Paraclostridium sordellii

Scientific classification
- Domain: Bacteria
- Kingdom: Bacillati
- Phylum: Bacillota
- Class: Clostridia
- Order: Peptostreptococcales
- Family: Peptostreptococcaceae
- Genus: Paraclostridium
- Species: P. sordellii
- Binomial name: Paraclostridium sordellii (Hall and Scott, 1927) Bello et al. 2024
- Synonyms: Bacillus sordellii Hall and Scott, 1927 (not validly published); Clostridium sordellii (Hall and Scott, 1927) Prévot, 1938; Paeniclostridium sordellii (Hall and Scott 1927) Sasi Jyothsna et al. 2016;

= Paraclostridium sordellii =

- Genus: Paraclostridium
- Species: sordellii
- Authority: (Hall and Scott, 1927) Bello et al. 2024
- Synonyms: Bacillus sordellii Hall and Scott, 1927 (not validly published), Clostridium sordellii (Hall and Scott, 1927) Prévot, 1938, Paeniclostridium sordellii (Hall and Scott 1927) Sasi Jyothsna et al. 2016

Species of bacterium

Paeniclostridium sordellii (formerly Clostridium sordellii) is a rare anaerobic, gram-positive, spore-forming rod with peritrichous flagella that is capable of causing pneumonia, endocarditis, arthritis, peritonitis, and myonecrosis. Paeniclostridium sordellii bacteremia and sepsis occur rarely. Most cases of sepsis from P. sordellii occur in patients with underlying conditions. Severe toxic shock syndrome among previously healthy persons has been described in a small number of P. sordellii cases, most often associated with gynecologic infections in women and infection of the umbilical stump in newborns. It has also been described in post-partum females, medically induced abortions, injection drug users and trauma cases. So far, all but three documented post-partum females who contracted P. sordellii septicaemia have died, and all but one woman who contracted the bacterium post-abortion have died .

== Infection ==
Paraclostridium sordellii can also produce two major toxins: all known virulent strains produce the essential virulence factor lethal toxin (TcsL), and a number also produce haemorrhagic toxin (TcsH). TcsL and TcsH are both members of the large clostridial cytotoxin (LCC) family.
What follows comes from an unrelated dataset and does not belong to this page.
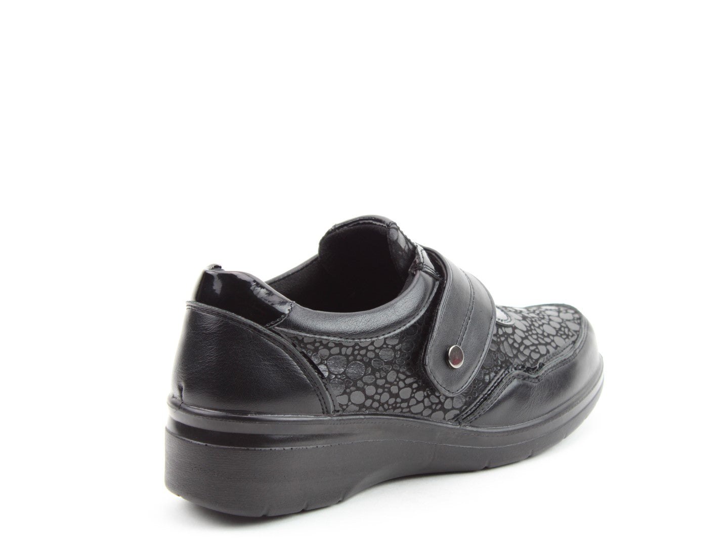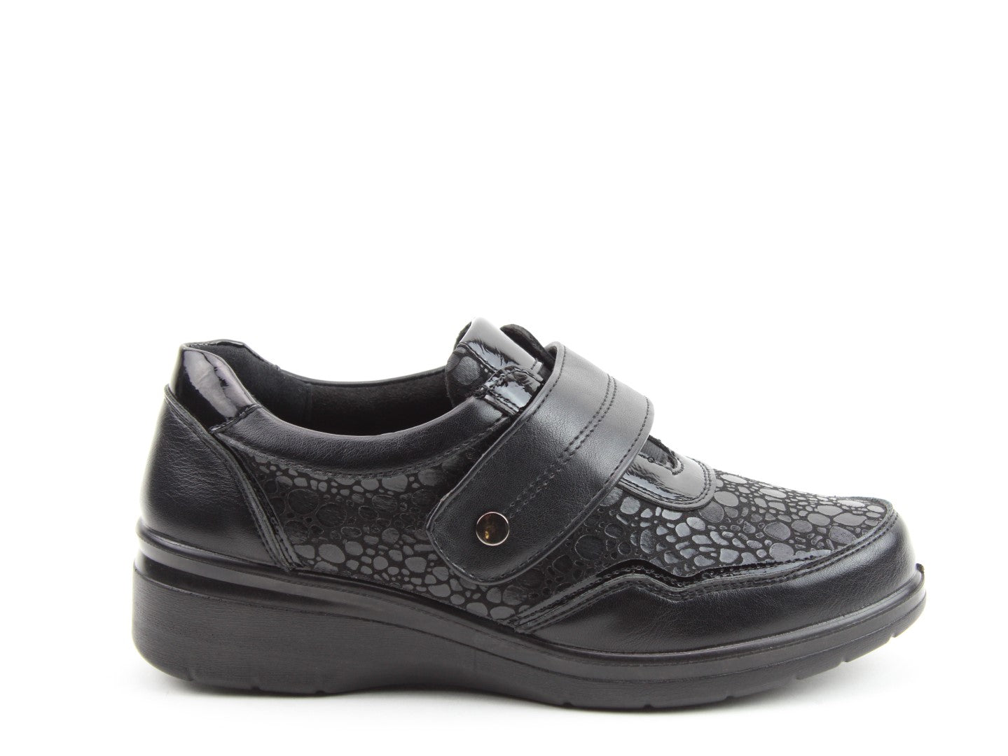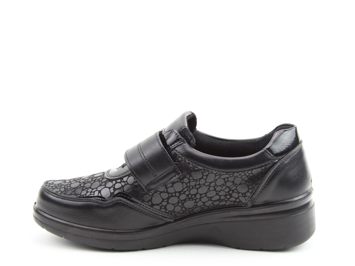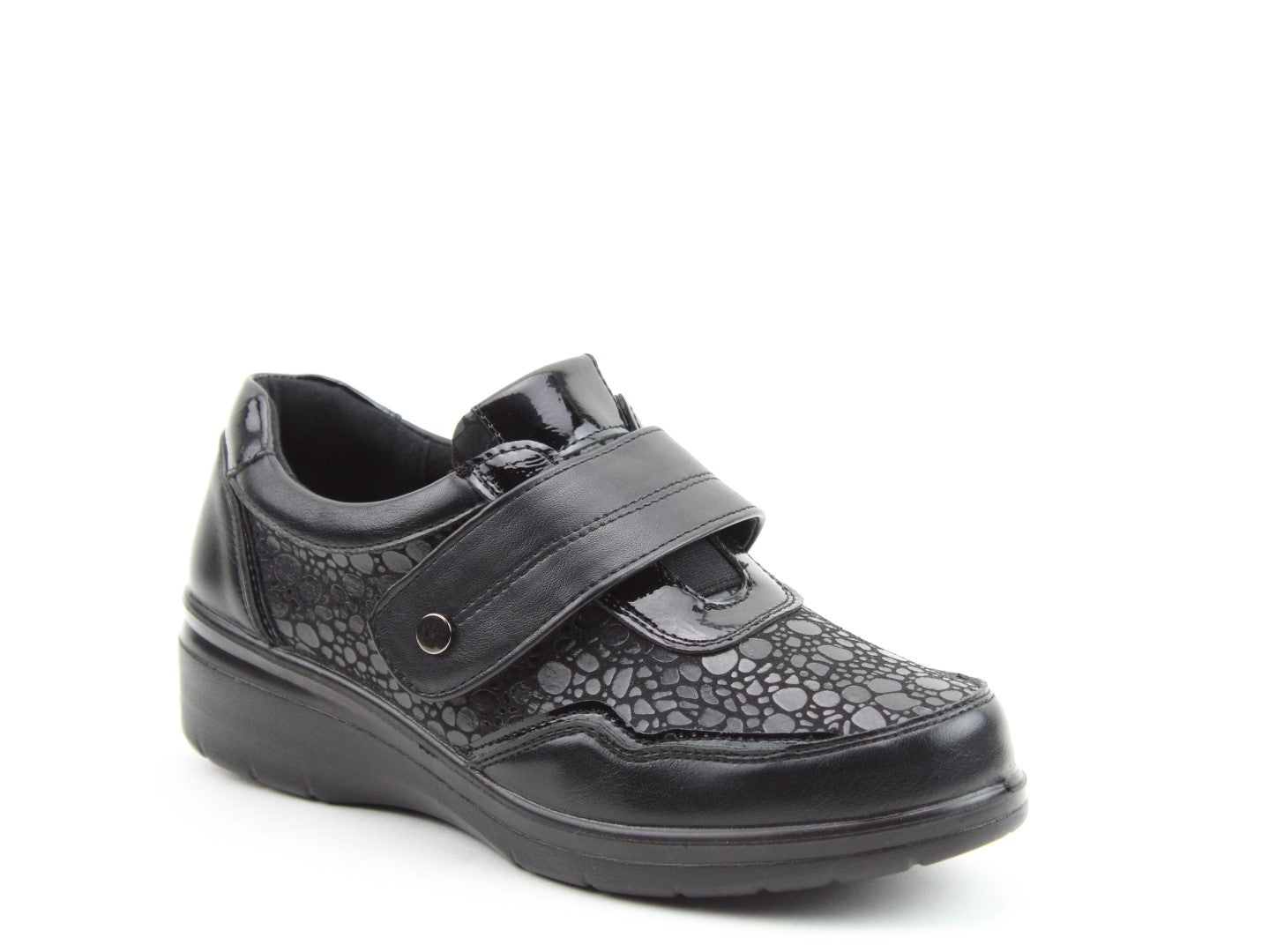 New this season is this vegan friendly ladies slip-on shoe Malaga. With a soft wipe-clean upper featuring a patterned finish and patent accents, this shoes will be perfect to accompany a wide range of outfits. The addition of a Velcro style touch-fastening strap across the shoe alongside a soft textile lining and removable comfort insole, this shoe is super comfortable and oh so practical. The shoe is so lightweight you'll forget you're wearing them!

The source of the bacteria has not been determined but it has been documented that about 0.5% to 10% of healthy women are lengthened vaginal carriage of P. sordellii. There are several clinical features which are unique to P. sordellii: marked leukocytosis (leukaemoid reaction), refractory hypotension, severe tachycardia, haemoconcentration, persistent apyrexia and profound capillary leak syndrome (see entry for Clostridium novyi alpha-toxin for details of mechanism). In terms of management, there is no hard and fast rule, as with most bacterial pathogens, but past data reveals C. sordellii susceptibility to beta-lactams, clindamycin, tetracycline and chloramphenicol but resistant to aminoglycosides and sulphonamides.